Well, it's not enough if you want language support for a concept of object immutability. Which sort of brings us back to Pascal C's quesiton, what are you doing that this feature seems so desirable? Given that Lisp has gotten along as long as it has without this feature, there are probably other idioms or practices that make life bearable without it. Or maybe this is just one of those things like strong/static/whatever-it's-supposed-to-be-called typing that some non-Lisp folks think is crucial and Lisp folks consider either needless or even harmful.

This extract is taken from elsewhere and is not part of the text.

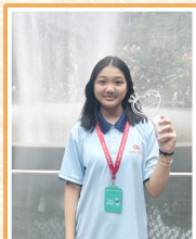
公益少年團傑出團員新加坡交流團

> <nagging> > While the LISP standardization commitee was sleeping in their > coffins, other languages evolved and precised and implemented this > notion of immutability. For example, Objective-C, if only at the > class library level, but with some integration to the language, > where @"string", the readable form of a literal string object is > explicitely specified to create an immutable string instance. And if > IIRC, Java has something to say about immutability too. > </nagging>
I don't know about Objective C (though a quick web search seems to say that @"string" only works for strings which is a pretty easy case). Java doesn't have any particular support for object immutability: Strings happen to be immutable because the String class doesn't provide any mutators (and string literals in code are interned so that:
new String("foo").intern() == "foo"
should always be true. But there's no programatic way to determine that Strings, or instances any other class, happen to be immutable. Which doesn't seem to matter a lot as there's nothing much you could do with the information.
> > And I find it amazing that you haven't even understood the > > introduction to the CLHS but nevertheless don't hesitate to troll > > so loudly here. The "unresolved" issues you're talking about were > > solved by the standard, in fact, the "issues" were part of the > > process:
> Ok. So they are resolved. But they are not illuminating.
It is not the task of an ANSI standard to be illuminating. If you need to be illuminated (which is fair to ask for) buy an introductory text. (Or get an candle... :)
> > > So they've just approved a document with 366 unresolved issues > > > and _known_ problems. I'm just pointing to another problem that > > > does not seem to be known yet.
> > Thank you very much. Could you please go somewhere else and try to > > help there?